There were 160 households, of which 25.6% had children under the age of 18 living with them, 40.0% were married couples living together, 8.8% had a female householder with no husband present, 5.0% had a male householder with no wife present, and 46.3% were non-families. 43.1% of all households were made up of individuals, and 18.8% had someone living alone who was 65 years of age or older. The average household size was 2.09 and the average family size was 2.86.

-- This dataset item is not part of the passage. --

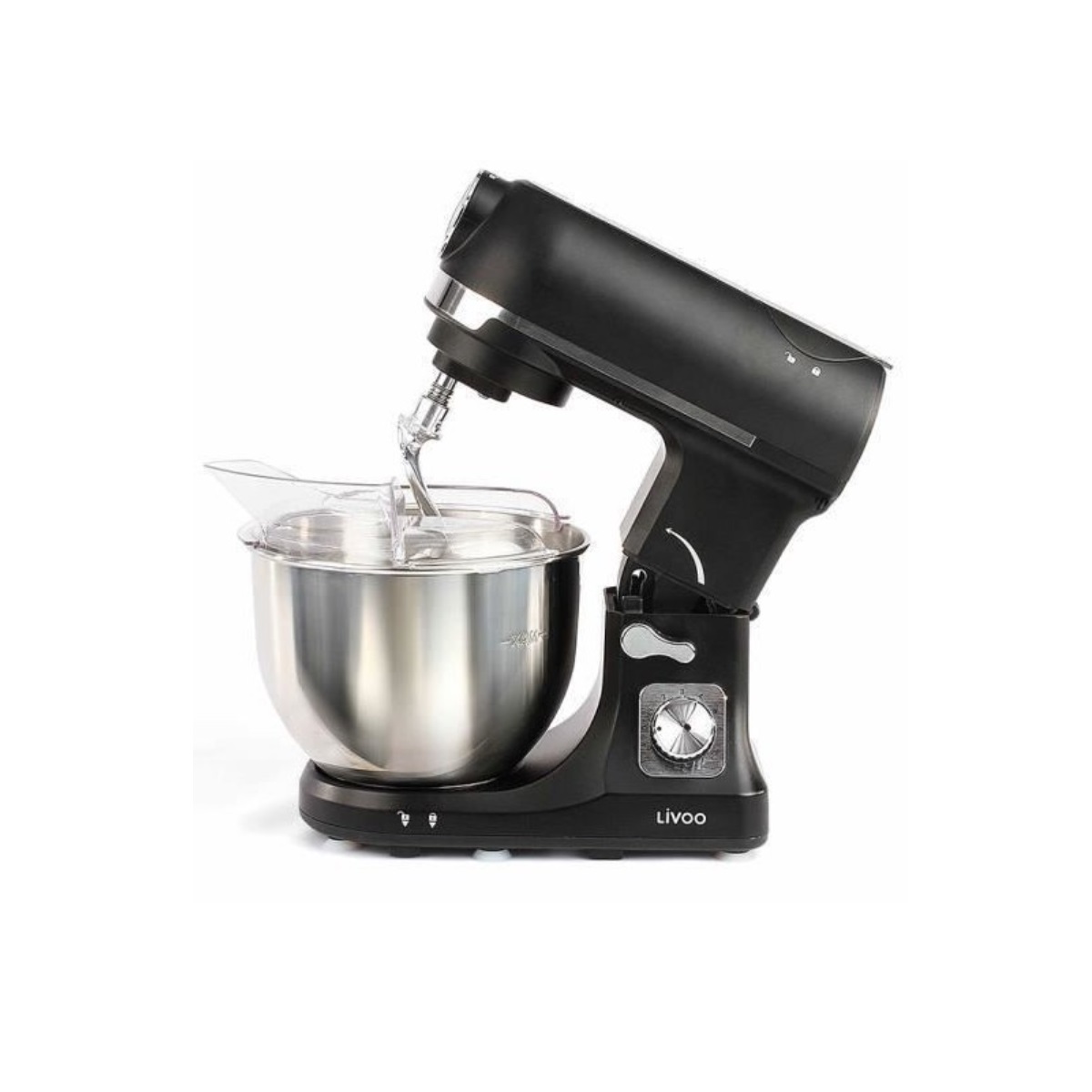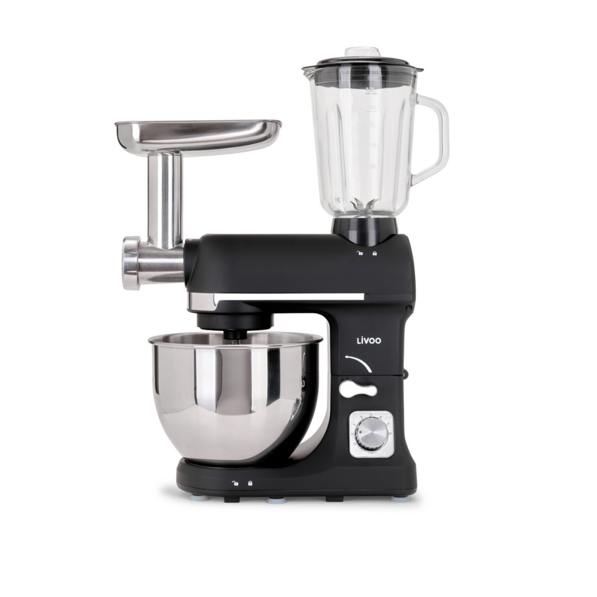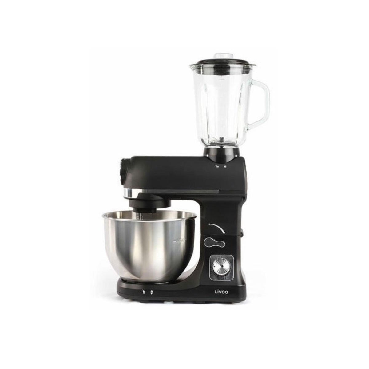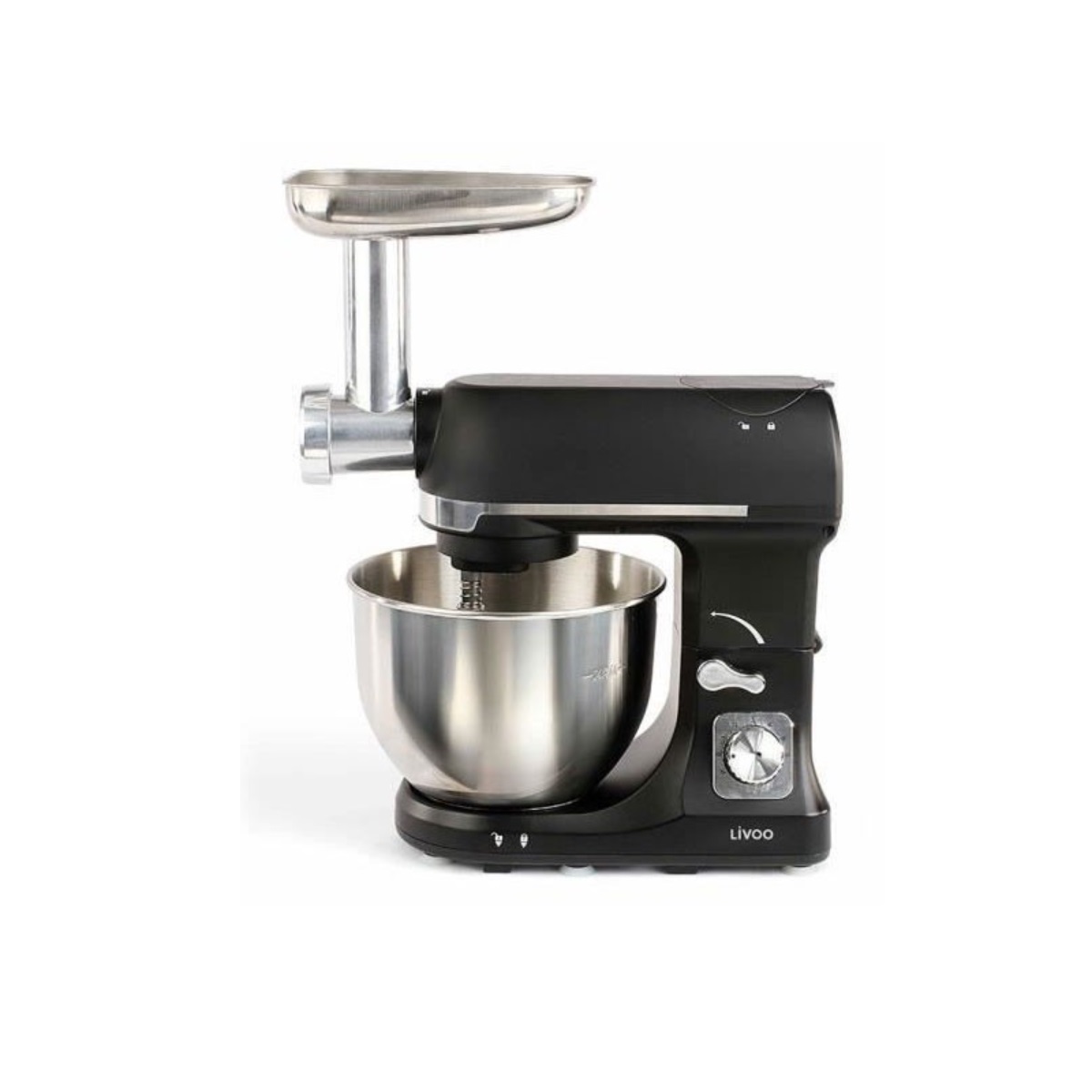 DOP189N - robot pâtissier 5l 1000w noir - Le Robot pâtissier DOP189N de LIVOO est un appareil très polyvalent ! Le moteur de 1000 Watts offre suffisamment de puissance pour permettre une utilisation polyvalente. Multifonction, le robot dispose d'un hachoir à viande, d'un entonnoir à saucisses, et de 3 disques à pâtes pour réaliser différentes sortes de pâtes. Il est également pourvu d'un socle pouvant accueillir un blender en verre sur le dessus pour réaliser de délicieux smoothies ou mixer des ingrédients. Les 6 niveaux de vitesses et la fonction pulse permettent d'adapter la puissance délivrée aux différentes préparations pâtissières. Le robot effectue un mouvement planétaire (l'accessoire tourne sur lui-même tout en suivant les parois du bol) ce qui permet d’obtenir des préparations homogènes. Son bol en inox d'une grande capacité de 5L peut accueillir un couvercle anti-éclaboussures pour plus de praticité. Le robot pâtissier dispose de 3 outils : 1 fouet pour fouetter, battre et aérer les préparations, 1 crochet pour pétrir et préparer des viennoiseries et pâtes à pain, 1 batteur feuille pour confectionner des pâtes à tartes, crèmes et sauces.

The median age was 43.5 years. 23.3% of residents were under the age of 18; 6.1% were between the ages of 18 and 24; 23.1% were from 25 to 44; 21.9% were from 45 to 64; and 26% were 65 years of age or older. The gender make-up was 54.9% male and 45.1% female.

==Culture==
===Events===
The city holds a Labor Day celebration which as its annual community festival which includes a parade, barbecue and other entertainment.

===Points of interest===
Natoma Presbyterian Church, constructed in 1899, is listed in the National Register of Historic Places for its architecture.

==Education==
The community is served by Natoma–Paradise–Waldo USD 399 public school district, which is located in Natoma and has two schools in the city:
- Natoma Elementary School (Grades K-6)
- Natoma High School (7-12)

The Natoma Tigers have won the following Kansas State High School championships:
- 1958 Boys' basketball - Class B
- 1959 Boys' basketball - Class B
- 1974 Boys' cross country - Class 1A
- 1975 Boys' basketball - Class 1A
- 1982 Girls' basketball - Class 1A
- 2014 Boys' cross country - Class 1A
- 2015 Boys' cross country - Class 1A

==Transportation==
K-18, an east–west route, approaches Natoma from the west, then turns southeast along the eastern side of the city.